She passed her
days in the order and elegance of Nelson Lodge, in a monotonous
satisfaction of the eye, listening to the familiar chatter of Caroline
and Sophia, dressing herself with tireless care and refusing to regret
her past. Nevertheless, it had been wasted, and the only occupation of
her present was her anxiety for Francis Sales. She could not rid
herself of that claim, begun so long ago. She had to accept the
inactive responsibility which in another would have resolved itself
into earnest prayer but which in her was a stoical endurance of
possibilities.
What was he doing? What would he do? She knew he could not stand
alone, she knew she must continue to hold herself ready for his
service, but a prisoner fastened to a chain does not find much solace
in counting the links, and that was all she had to do.

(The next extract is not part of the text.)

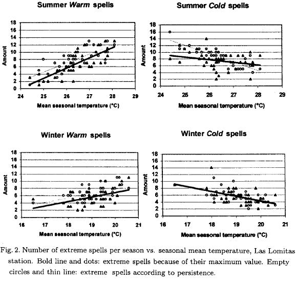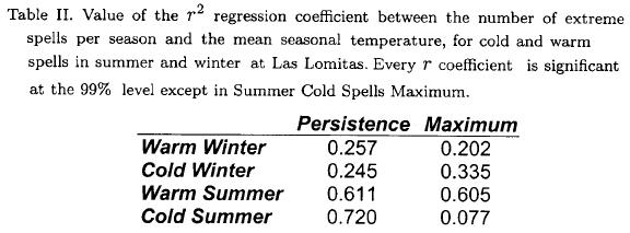 In order to examine the influence of extreme spells on seasonal averages, Figure 2 shows the number of extreme spells per season vs. mean seasonal temperature at Las Lomitas. As was to be expected, there is a direct relationship between the number of extreme (according to persistence or maximum value) warm spells and seasonal temperature, and an inverse relationship in the case of cold spells. As may be seen in Table II, where the r2 of regressions are shown, regression is more significant in summer, explaining in this case more than 60% of the variance for warm spells. In summer, persistence in cold spells shows the highest percentage (72%) and the highest slope, thus resulting in the most significant factor and involving synoptic conditions most relevant for the characterization of the seasonal temperature mean value. It is remarkable, however, that the maximum anomaly value in a cold spell does not condition summer temperature values: the slope is less steep and the correlation coefficient is less than 0.01 (not significant). This is due to the warming capacity of the dry air mass, resulting from an anticyclone coming behind a cold front. In winter, the percentages of variance explained by regression are lower, i.e., the relationship between the variables is weaken. Obviously, there are some other factors like radiative processes and cloudiness, which might inhibit low temperature persistence.

It seemed to
her that she moved, rather like a ghost, up and down the stairs, about
the landing, in the delicate silence of her bedroom; that she sat
ghost-like at the dining-table and heard the strangely aimless talk of
human beings. She supposed there were countless women like herself,
unoccupied and lonely, yet her pride resented the idea. There was only
one Rose Mallett; there was no one else with just her past, with the
same mental pictures and her peculiar isolation, and if she had been a
vainer woman she would have added that no other woman offered the same
kind of beauty to a world in need of it.